Re: [PERFORM] Performance considerations for very heavy INSERT traffic

2005-09-13 Thread Stephen Frost
* Brandon Black ([EMAIL PROTECTED]) wrote:
 Ideally I'd like to commit the data seperately, as the data could contain 
 errors which abort the transaction, but it may come down to batching it and 
 coding things such that I can catch and discard the offending row and retry 
 the transaction if it fails (which should be fairly rare I would hope). I 

Don't really know if it'd be better, or worse, or what, but another
thought to throw out there is to perhaps use savepoints instead of full
transactions?  Not sure if that's more expensive or cheaper than doing
full commits but it might be something to consider.

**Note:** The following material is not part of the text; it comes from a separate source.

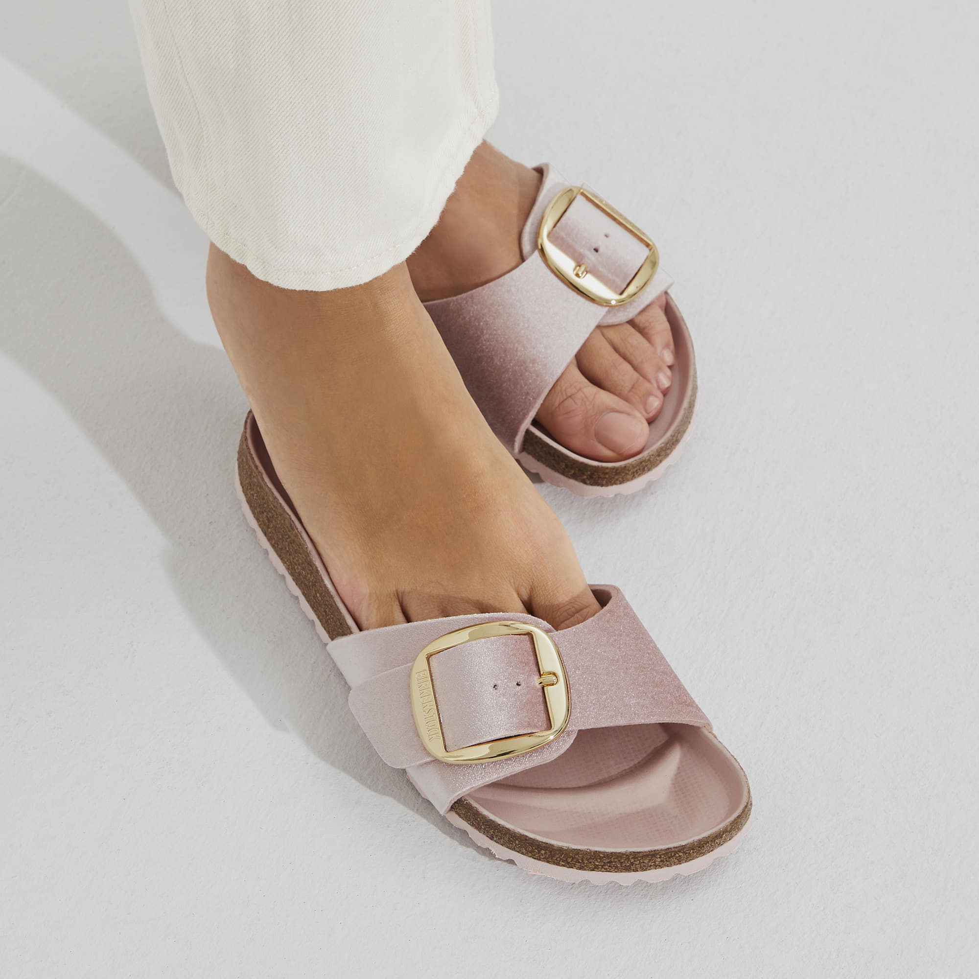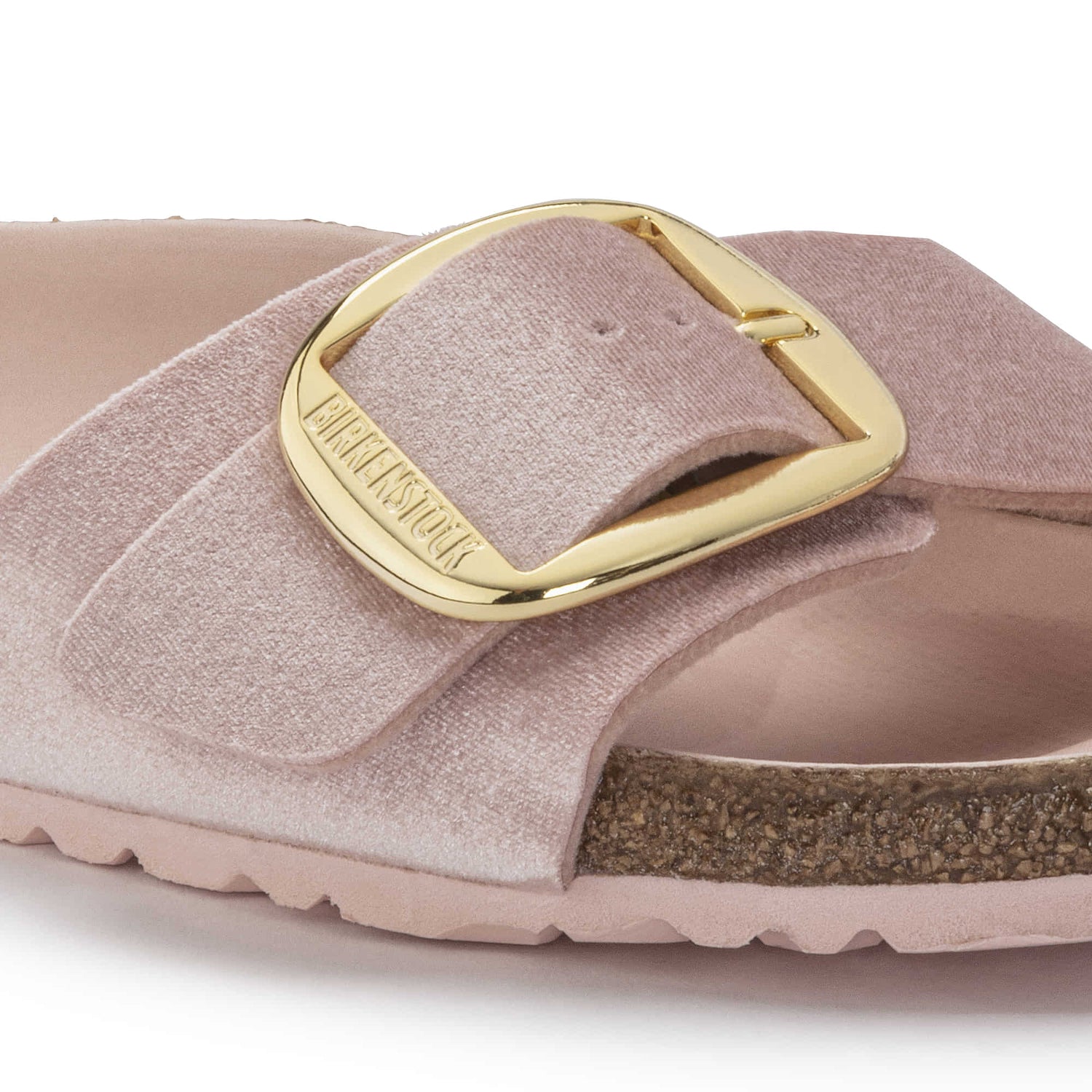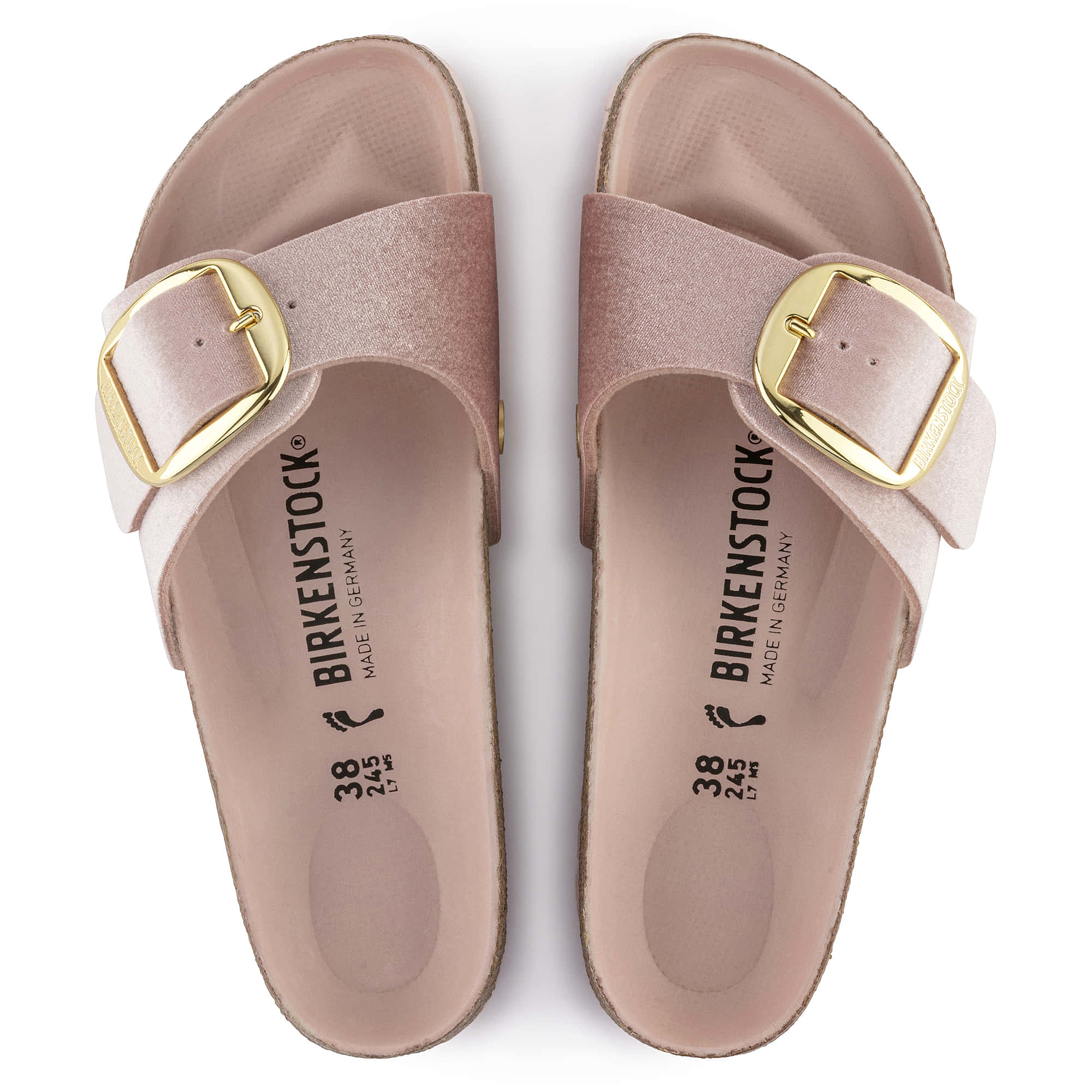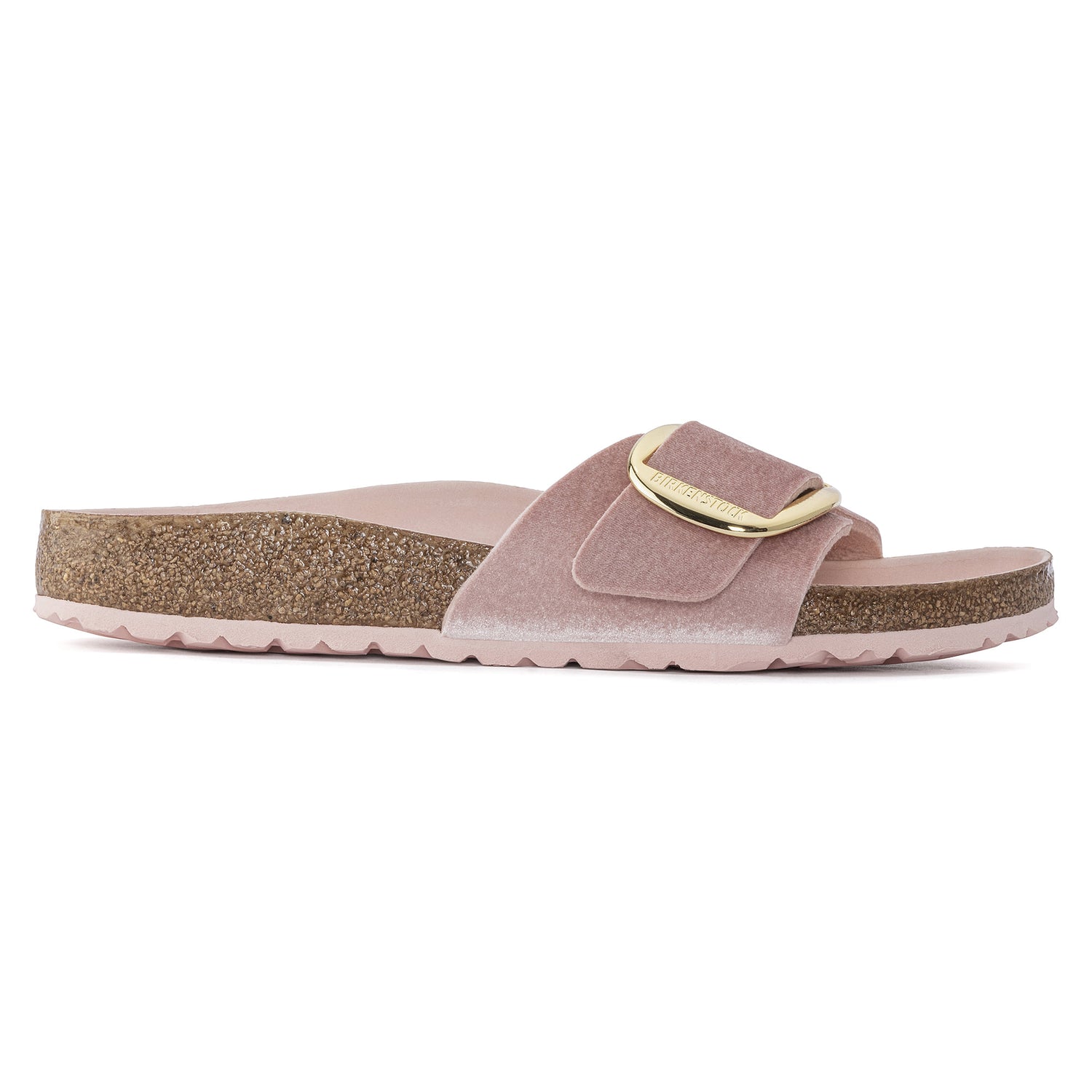 The BIRKENSTOCK Madrid is a genuine classic that delights the world of fashion with its minimalist design. This version brings two popular designs together. It is made of fine velvet and boasts a big, elegant pin buckle. The semi-exquisite footbed is lined with soft smooth leather and matches the shoe in color. The upper is made from smooth fabric.

 When I finally get all of this sorted out and working reasonably optimally, 
 I'll be sure to come back and report what techniques/settings did and didn't 
 work for this workload.

That'd be great, many thanks,

Stephen


signature.asc
Description: Digital signature


Re: [PERFORM] Performance considerations for very heavy INSERT traffic

2005-09-13 Thread Brandon Black
On 9/12/05, Christopher Petrilli [EMAIL PROTECTED] wrote:
3) Use 8.1 and strongly look at Bizgres. The data partitioning is critical.

I started looking closer at my options for partitioning (inheritance,
union all), and at Bizgres today. Bizgres partitioning appears to be
basically the same kind of inheritance partitioning one can do in
mainline PostgreSQL. Am I correct in thinking that the main difference
is that they've coded support for enable_constraint_exclusion=true so
that the query planner can be more effective at taking advantage of the
partitioning when you've specified CHECK constraints on the child
tables? I may go for 8.1 instead in that case, as the main win I'm
looking for is that with inheritance I'll be doing inserts into smaller
tables instead of ones that grow to unmanageable sizes (and that I can
drop old child tables instead of delete/vacuum).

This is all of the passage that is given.